[Aim of the exercise]
Nothing but the lines below from the one containing "Take It Up A" through the one containing "我们的 100 颗现代法棍式切割钻石最初是" should appear in the answer, exact and without pictures.

[Data section]
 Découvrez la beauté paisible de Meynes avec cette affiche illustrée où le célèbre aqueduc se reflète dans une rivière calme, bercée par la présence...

==

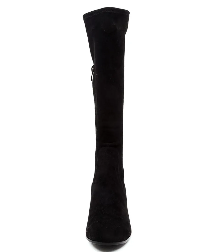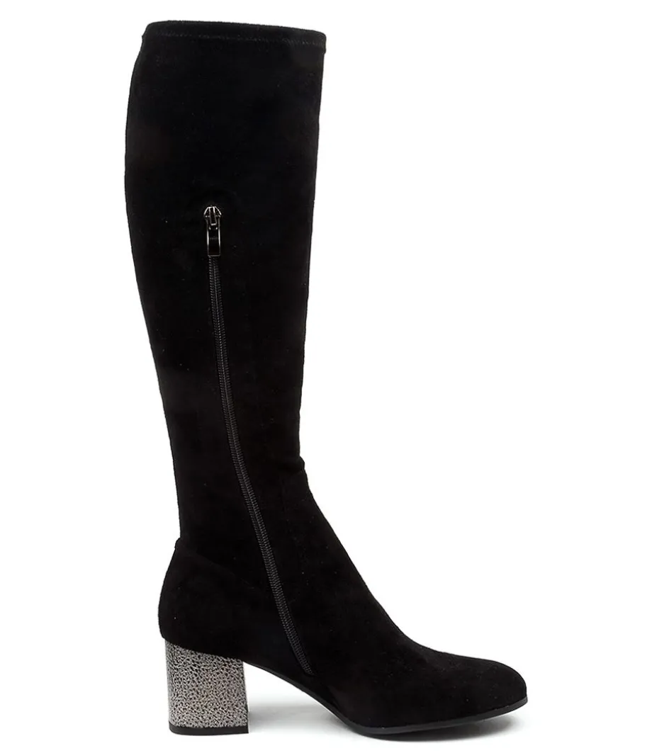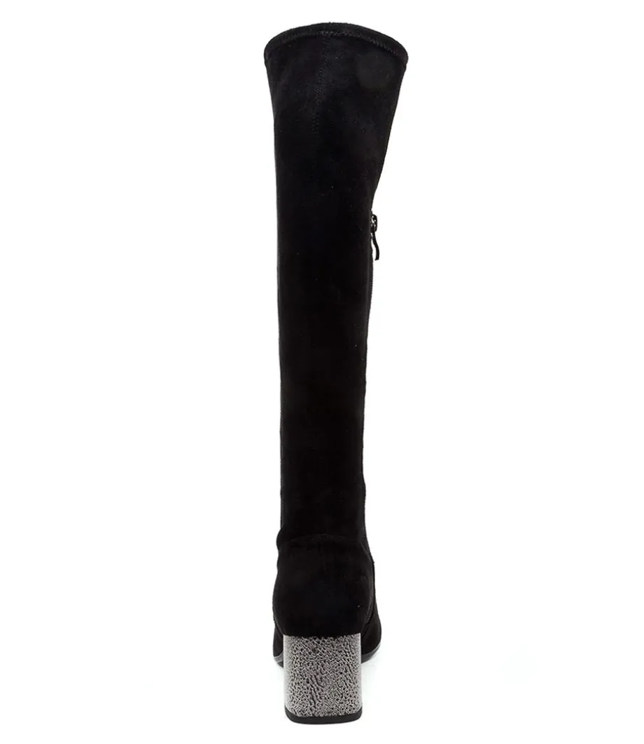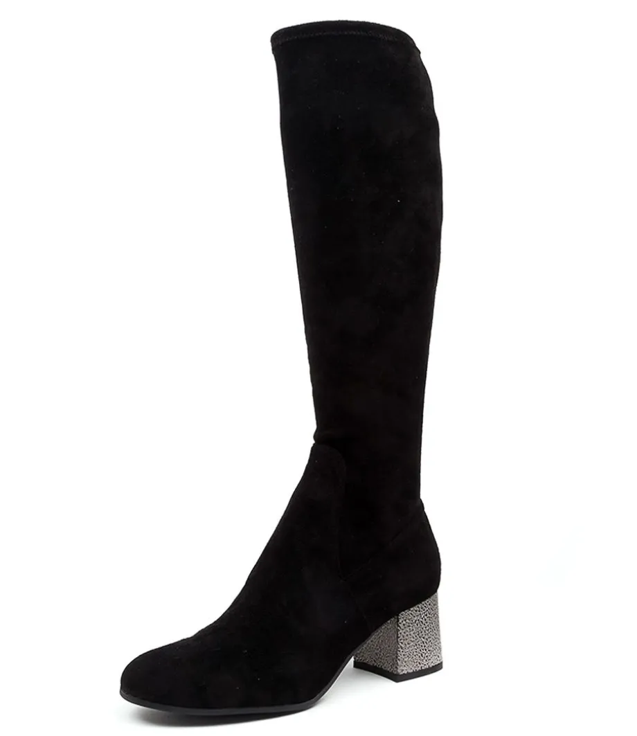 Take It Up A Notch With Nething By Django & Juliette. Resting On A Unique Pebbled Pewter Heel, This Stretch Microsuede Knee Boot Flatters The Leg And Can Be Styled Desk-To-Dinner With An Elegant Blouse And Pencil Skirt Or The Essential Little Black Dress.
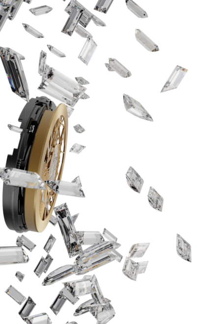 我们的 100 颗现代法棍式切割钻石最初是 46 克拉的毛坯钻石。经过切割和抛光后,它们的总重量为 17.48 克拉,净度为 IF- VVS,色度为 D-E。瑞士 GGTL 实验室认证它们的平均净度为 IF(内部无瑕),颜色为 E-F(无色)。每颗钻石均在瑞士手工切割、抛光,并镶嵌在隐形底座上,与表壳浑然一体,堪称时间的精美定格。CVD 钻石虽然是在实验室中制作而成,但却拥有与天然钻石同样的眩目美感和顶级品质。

==

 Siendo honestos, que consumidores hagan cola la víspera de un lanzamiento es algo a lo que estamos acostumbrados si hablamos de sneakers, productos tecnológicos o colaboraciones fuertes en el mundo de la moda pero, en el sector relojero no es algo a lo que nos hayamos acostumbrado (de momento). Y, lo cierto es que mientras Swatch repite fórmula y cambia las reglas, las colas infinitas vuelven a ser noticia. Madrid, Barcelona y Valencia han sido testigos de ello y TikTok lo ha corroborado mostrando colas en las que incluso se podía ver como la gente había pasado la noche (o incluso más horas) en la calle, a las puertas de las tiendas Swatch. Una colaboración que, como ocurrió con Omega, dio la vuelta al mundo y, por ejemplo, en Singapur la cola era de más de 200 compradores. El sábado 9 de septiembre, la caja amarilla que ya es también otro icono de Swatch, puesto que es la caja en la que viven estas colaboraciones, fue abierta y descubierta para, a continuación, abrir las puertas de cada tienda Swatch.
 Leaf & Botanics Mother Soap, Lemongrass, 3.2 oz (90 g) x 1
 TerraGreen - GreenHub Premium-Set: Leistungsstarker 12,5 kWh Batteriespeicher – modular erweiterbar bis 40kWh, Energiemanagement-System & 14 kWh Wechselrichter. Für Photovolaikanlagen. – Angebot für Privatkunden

[Exercise response]
 Take It Up A Notch With Nething By Django & Juliette. Resting On A Unique Pebbled Pewter Heel, This Stretch Microsuede Knee Boot Flatters The Leg And Can Be Styled Desk-To-Dinner With An Elegant Blouse And Pencil Skirt Or The Essential Little Black Dress.
 我们的 100 颗现代法棍式切割钻石最初是 46 克拉的毛坯钻石。经过切割和抛光后,它们的总重量为 17.48 克拉,净度为 IF- VVS,色度为 D-E。瑞士 GGTL 实验室认证它们的平均净度为 IF(内部无瑕),颜色为 E-F(无色)。每颗钻石均在瑞士手工切割、抛光,并镶嵌在隐形底座上,与表壳浑然一体,堪称时间的精美定格。CVD 钻石虽然是在实验室中制作而成,但却拥有与天然钻石同样的眩目美感和顶级品质。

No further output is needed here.